*** Opening of Extracted material ***
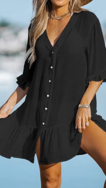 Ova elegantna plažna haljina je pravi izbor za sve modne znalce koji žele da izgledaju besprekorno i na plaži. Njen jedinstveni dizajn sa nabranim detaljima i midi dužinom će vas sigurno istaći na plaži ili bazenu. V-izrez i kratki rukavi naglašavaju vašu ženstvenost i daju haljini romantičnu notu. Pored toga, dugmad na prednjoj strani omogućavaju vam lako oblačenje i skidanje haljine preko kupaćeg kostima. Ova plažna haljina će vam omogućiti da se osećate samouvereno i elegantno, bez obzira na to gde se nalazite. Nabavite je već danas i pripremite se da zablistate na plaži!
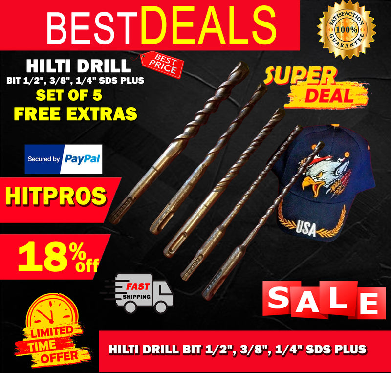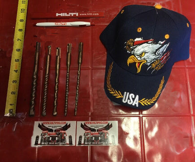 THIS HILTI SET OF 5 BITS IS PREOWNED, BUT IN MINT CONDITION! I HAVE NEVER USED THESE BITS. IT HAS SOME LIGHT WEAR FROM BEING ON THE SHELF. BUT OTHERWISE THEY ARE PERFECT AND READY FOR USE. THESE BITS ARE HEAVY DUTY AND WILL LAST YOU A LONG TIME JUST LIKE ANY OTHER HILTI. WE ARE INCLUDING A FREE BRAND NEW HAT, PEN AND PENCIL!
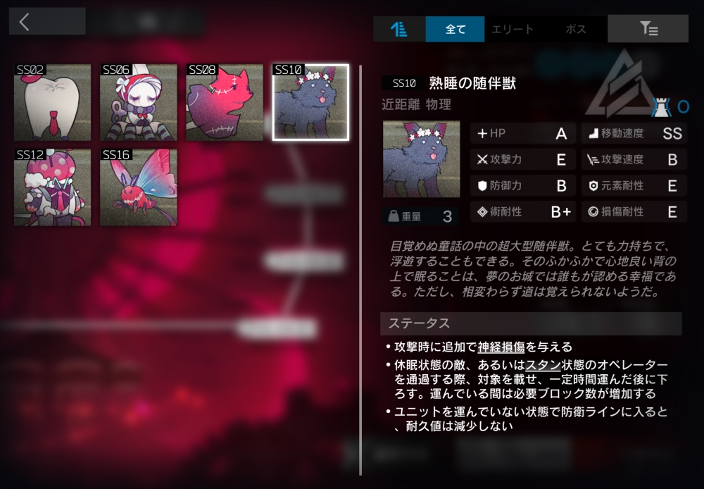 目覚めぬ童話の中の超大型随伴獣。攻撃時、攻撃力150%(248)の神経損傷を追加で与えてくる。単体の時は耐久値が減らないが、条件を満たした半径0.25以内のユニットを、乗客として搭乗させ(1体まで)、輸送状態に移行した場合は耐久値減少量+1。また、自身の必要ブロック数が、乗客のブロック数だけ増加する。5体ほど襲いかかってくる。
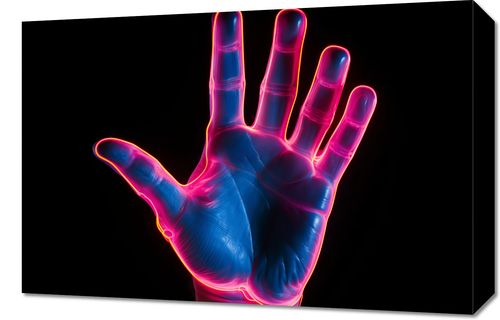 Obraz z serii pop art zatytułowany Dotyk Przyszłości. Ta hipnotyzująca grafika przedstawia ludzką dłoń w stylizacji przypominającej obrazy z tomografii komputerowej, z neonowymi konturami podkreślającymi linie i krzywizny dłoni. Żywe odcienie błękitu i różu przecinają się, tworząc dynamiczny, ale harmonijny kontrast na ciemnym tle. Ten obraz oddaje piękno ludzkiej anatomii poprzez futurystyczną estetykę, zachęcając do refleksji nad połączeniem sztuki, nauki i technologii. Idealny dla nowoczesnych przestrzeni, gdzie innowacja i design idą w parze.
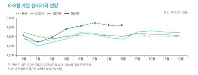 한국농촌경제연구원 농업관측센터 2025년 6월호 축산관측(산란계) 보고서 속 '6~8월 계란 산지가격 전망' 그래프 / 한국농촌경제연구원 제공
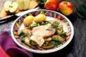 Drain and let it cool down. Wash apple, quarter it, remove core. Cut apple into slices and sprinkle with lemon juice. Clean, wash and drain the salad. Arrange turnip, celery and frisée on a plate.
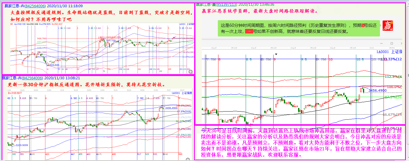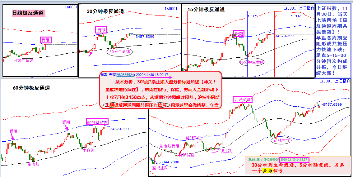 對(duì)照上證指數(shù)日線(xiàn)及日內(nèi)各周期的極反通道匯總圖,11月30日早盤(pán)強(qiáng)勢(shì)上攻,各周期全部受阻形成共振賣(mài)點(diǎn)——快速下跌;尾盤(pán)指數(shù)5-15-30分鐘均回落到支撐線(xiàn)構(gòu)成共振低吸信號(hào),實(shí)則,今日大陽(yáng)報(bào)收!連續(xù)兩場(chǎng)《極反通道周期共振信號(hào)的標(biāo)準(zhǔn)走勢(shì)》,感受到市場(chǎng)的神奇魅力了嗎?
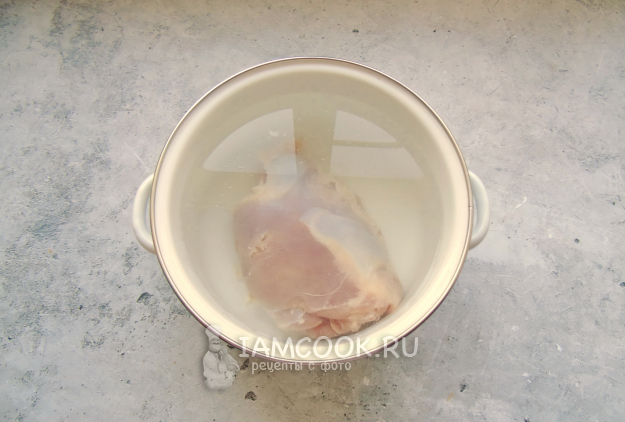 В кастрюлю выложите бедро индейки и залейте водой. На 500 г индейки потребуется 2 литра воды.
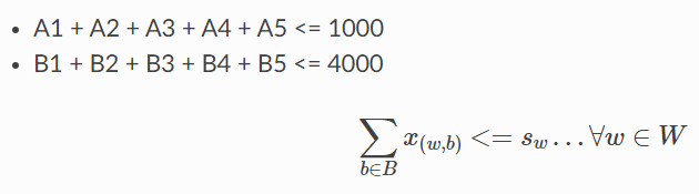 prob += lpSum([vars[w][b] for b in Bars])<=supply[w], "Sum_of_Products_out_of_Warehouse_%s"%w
*** Close of Extracted material ***
→ Task: In the copy, leave out all pictures, and retype exactly each line from the one with "한국농촌경제연구원 농업관측센터 2025년" through the last line of the entries.

→ Task response:
 한국농촌경제연구원 농업관측센터 2025년 6월호 축산관측(산란계) 보고서 속 '6~8월 계란 산지가격 전망' 그래프 / 한국농촌경제연구원 제공
 Drain and let it cool down. Wash apple, quarter it, remove core. Cut apple into slices and sprinkle with lemon juice. Clean, wash and drain the salad. Arrange turnip, celery and frisée on a plate.
 對(duì)照上證指數(shù)日線(xiàn)及日內(nèi)各周期的極反通道匯總圖,11月30日早盤(pán)強(qiáng)勢(shì)上攻,各周期全部受阻形成共振賣(mài)點(diǎn)——快速下跌;尾盤(pán)指數(shù)5-15-30分鐘均回落到支撐線(xiàn)構(gòu)成共振低吸信號(hào),實(shí)則,今日大陽(yáng)報(bào)收!連續(xù)兩場(chǎng)《極反通道周期共振信號(hào)的標(biāo)準(zhǔn)走勢(shì)》,感受到市場(chǎng)的神奇魅力了嗎?
 В кастрюлю выложите бедро индейки и залейте водой. На 500 г индейки потребуется 2 литра воды.
 prob += lpSum([vars[w][b] for b in Bars])<=supply[w], "Sum_of_Products_out_of_Warehouse_%s"%w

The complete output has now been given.